>>>
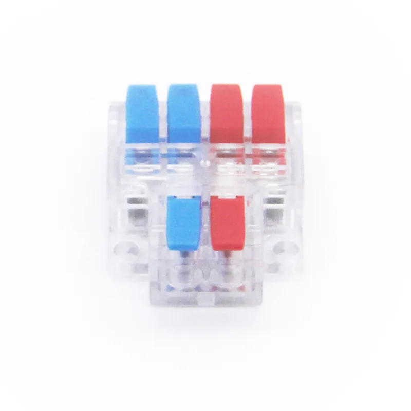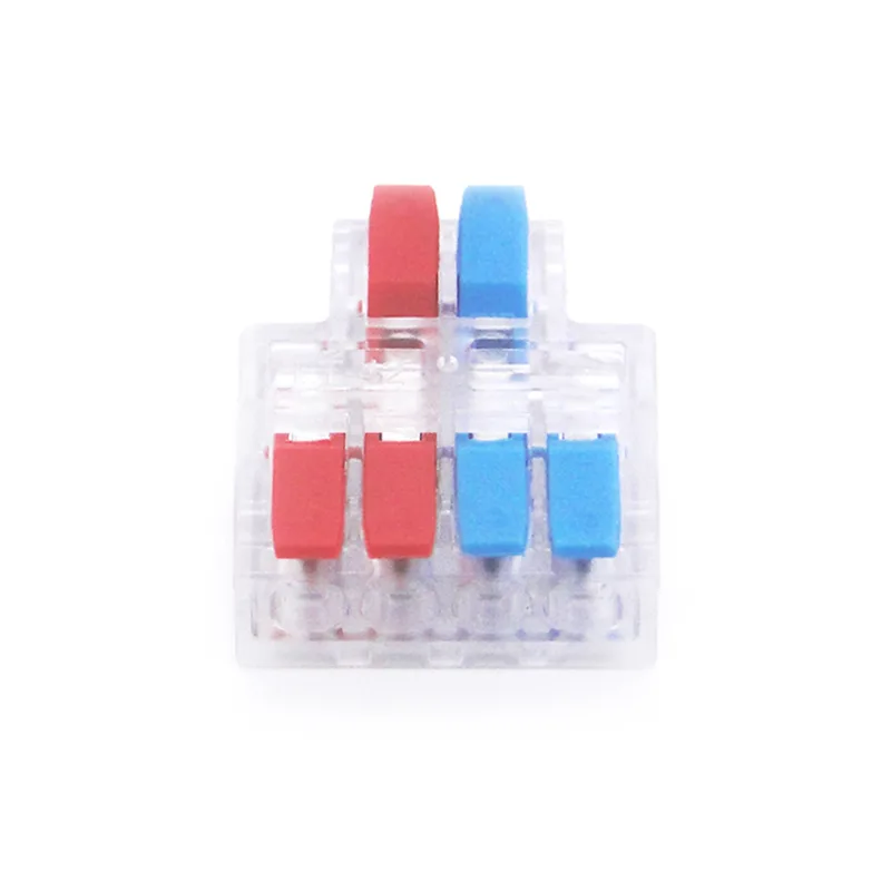 CHTAR Οι γρήγοροι σύνδεσμοι συρμάτων δύο σε τέσσερις εξόδους είναι κατασκευασμένοι από πολυανθρακικό κέλυφος και μοχλούς νάιλον. Και τα δύο πλαστικά υλικά είναι υλικό ποιότητας UL94 V0. Τα μεταλλικά εξαρτήματα είναι αγώγιμα και ελατηριώνουν μέσα σε αυτό που είναι κατασκευασμένο από χαλκό T2 με επικασσιτερωμένο και ελατήριο S301.
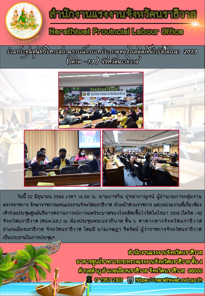 วันนี้ 22 มิถุนายน 2564 เวลา 14.00 น. นายอาชวิน ปุจฉากาญจน์ ผู้อำนวยการกลุ่มงานตรวจราชการ รักษาราชการแทนแรงงานจังหวัดนราธิวาส หัวหน้าส่วนราชการ และหน่วยงานที่เกี่ยวข้อง เข้าร่วมประชุมศูนย์บริหารสถานการณ์การแพร่ระบาดของโรคติดเชื้อไวรัสโคโรนา 2019 (โควิด -19)จังหวัดนราธิวาส (ศบค.นธ.) ณ ห้องประชุมพระนราภิบาล ชั้น 5 ศาลากลางจังหวัดนราธิวาสอำเภอเมืองนราธิวาส จังหวัดนราธิวาส โดยมี นายเจษฎา จิตรัตน์ ผู้ว่าราชการจังหวัดนราธิวาสเป็นประธานในการประชุมฯ
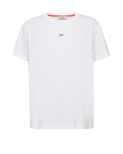 Vit t-shirt med svart liten logga fram och tryck bak.
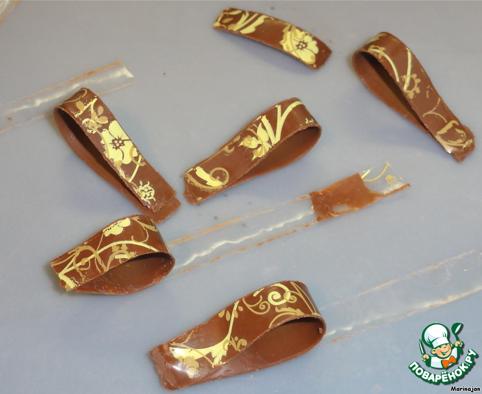 Загнуть, придав желаемый изгиб и затем, поместить плёнку с шоколадом в холодильник.
<<<
PROBLEM TO SOLVE.
Each line from the one that contains "วันนี้ 22 มิถุนายน" to the end of the listing must be quoted exactly; no other line and no picture belongs in the copy.

OUTPUT FOR THIS EXERCISE.
 วันนี้ 22 มิถุนายน 2564 เวลา 14.00 น. นายอาชวิน ปุจฉากาญจน์ ผู้อำนวยการกลุ่มงานตรวจราชการ รักษาราชการแทนแรงงานจังหวัดนราธิวาส หัวหน้าส่วนราชการ และหน่วยงานที่เกี่ยวข้อง เข้าร่วมประชุมศูนย์บริหารสถานการณ์การแพร่ระบาดของโรคติดเชื้อไวรัสโคโรนา 2019 (โควิด -19)จังหวัดนราธิวาส (ศบค.นธ.) ณ ห้องประชุมพระนราภิบาล ชั้น 5 ศาลากลางจังหวัดนราธิวาสอำเภอเมืองนราธิวาส จังหวัดนราธิวาส โดยมี นายเจษฎา จิตรัตน์ ผู้ว่าราชการจังหวัดนราธิวาสเป็นประธานในการประชุมฯ
 Vit t-shirt med svart liten logga fram och tryck bak.
 Загнуть, придав желаемый изгиб и затем, поместить плёнку с шоколадом в холодильник.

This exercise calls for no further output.